Offering less than the best protection may be the only solution in the event of dire shortages. But using substandard masks that provide inadequate protection could put a large number of health care workers at risk of getting sick. And an already overwhelmed health care system could collapse if a significant portion of its workforce falls ill, potentially compounding the death toll and even affecting many people with health issues separate from COVID-19.
During the last pandemic to affect the U.S., the milder than initially projected H1N1 flu pandemic in 2009, one health care worker allegedly fell ill and died because her hospital failed to provide her with an N95 mask, according to a wrongful death lawsuit. A federal judge dismissed the suit for lack of evidence.

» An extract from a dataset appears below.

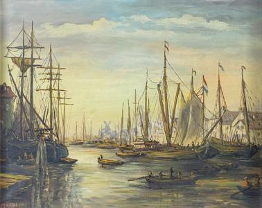 Le port d'Amsterdam, huile sur toile, signée Wener, 40x50 cm

But the danger of litigation and damage awards has recently prompted manufacturers of N95 masks to seek waivers of liability from Congress in emergency coronavirus legislation. Companies that make the respirators also sought protection from litigation in the past. In a 2006 letter to President George W. Bush, six manufacturers asked for liability protection as they also lobbied the government to purchase and stockpile masks amid that year’s outbreak of bird flu abroad.

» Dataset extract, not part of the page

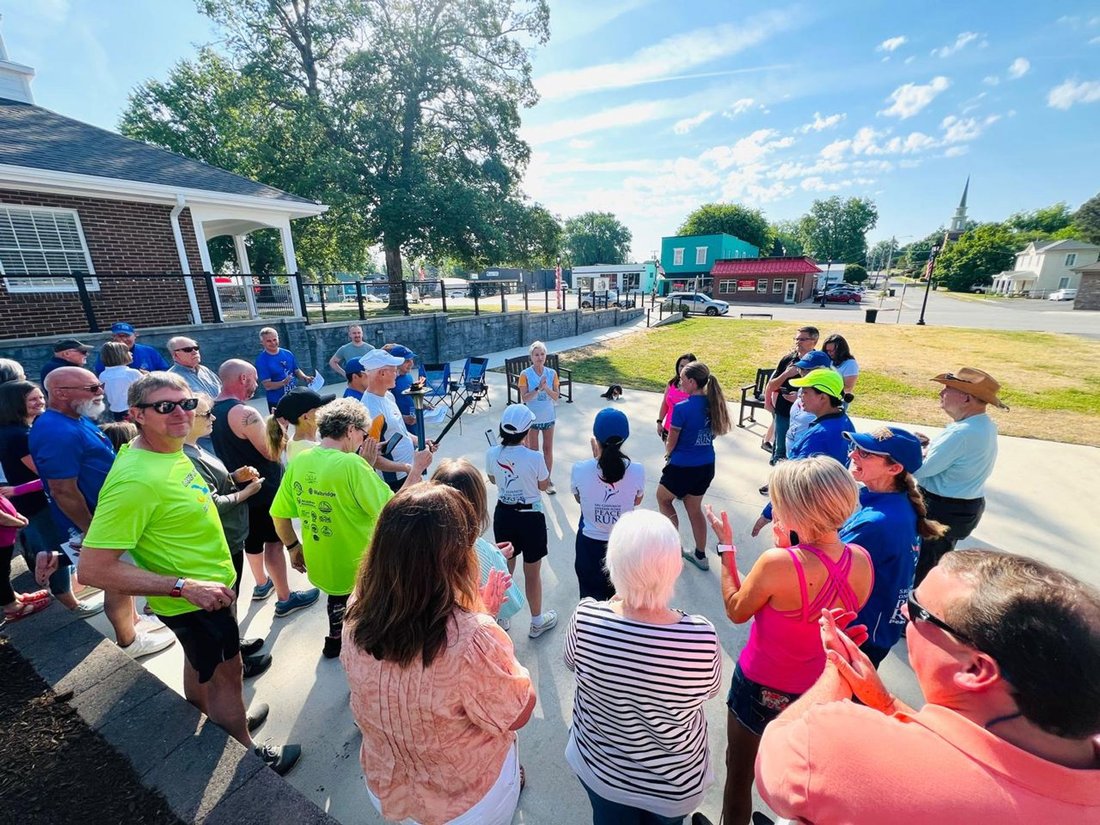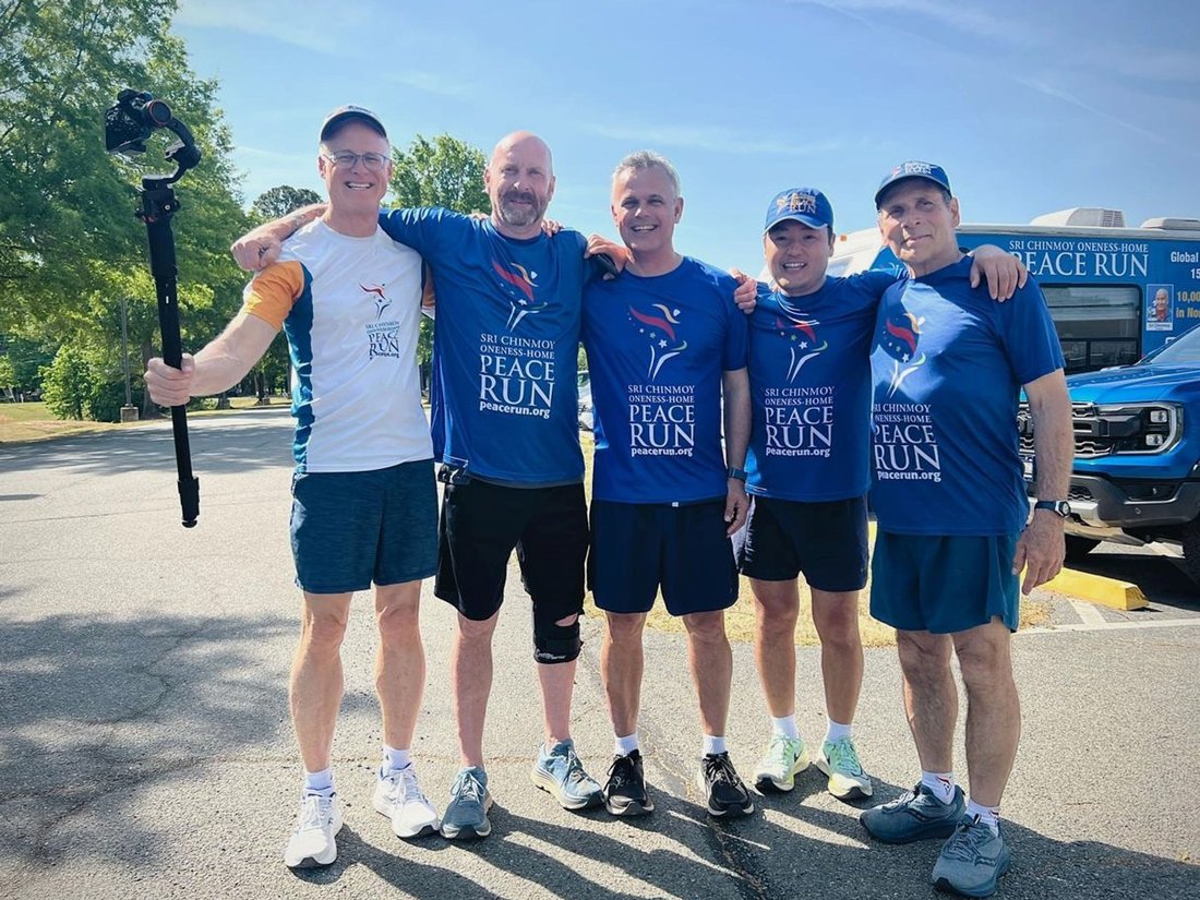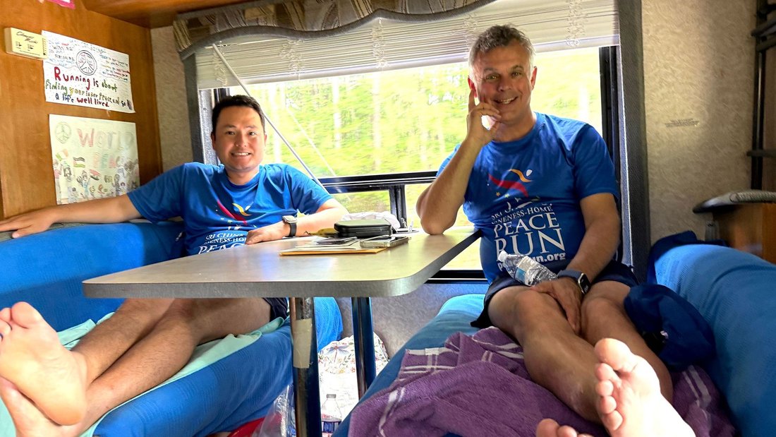 The men's team gives their final farewell to one of our Peace Run teammates of the day and great new friend Ed. Thank you for joining us!

Coverage of that 2006 letter offers a glimpse into one missed preparedness opportunity for the U.S. “France has begun stockpiling 685 million N-95 respirator masks just for first responders, while the U.S. government to date has had one request for proposals for 50 million masks,” according to a trade press article that year. “The recent experience with SARS showed that countries will embargo exports of respirator masks in the case of a global pandemic and the U.S. will need its domestic sources for these masks,” it continued, referring to the outbreak of severe acute respiratory syndrome that was first identified in Asia in 2003.
“Budgets have not been requirements-driven.”U.S. strategic stockpile expert
The expert on the U.S. strategic stockpile told POGO that year after year, for the last two decades, the federal government has failed to stock up adequately. “Budgets have not been requirements-driven,” they said.

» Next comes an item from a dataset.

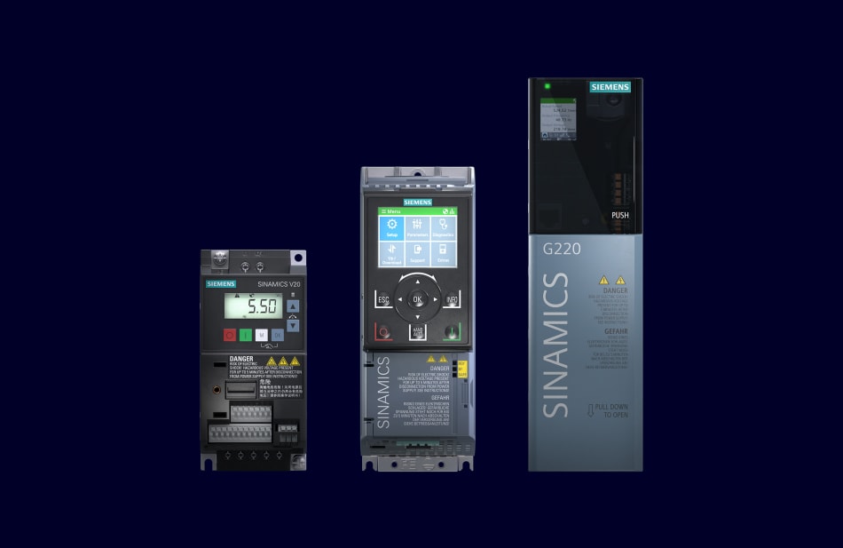 Con le famiglie SINAMICS G e V puoi scegliere sistemi di azionamento affidabili, efficienti e sostenibili; progettati per coprire una moltitudine di applicazioni: quelle più semplici (ed es. utilizzando SINAMICS V20) e quelle più esigenti (ad es. scegliendo SINAMICS G220, il nuovo arrivato).

And warnings have continued. An October 2019 federal report obtained by the New York Times detailing lessons learned from a mock pandemic preparedness exercise stated that “Domestic supplies of on-hand stock of antiviral medications, needles, syringes, N95 respirators, ventilators, and other ancillary medical supplies are limited and difficult to restock, because they are often manufactured overseas.”
Meanwhile, China, the world’s largest supplier of N95 masks and the location where COVID-19 first appeared, has been withholding its exports of the respirators.
And while he has laid the groundwork to use the Defense Production Act, Trump continues to resist requests from governors and hospitals to use that law to compel U.S. companies to further ramp up production of N95 masks and other vital medical equipment, such as ventilators that help people in respiratory distress breathe. The Trump administration invoked the law to provide more bottled water and other supplies for Puerto Rico after Hurricane Maria hit in 2017. In 2003, the law was also used “to accelerate deliveries” of personal protective equipment of a different kind: body armor for U.S. troops in Iraq.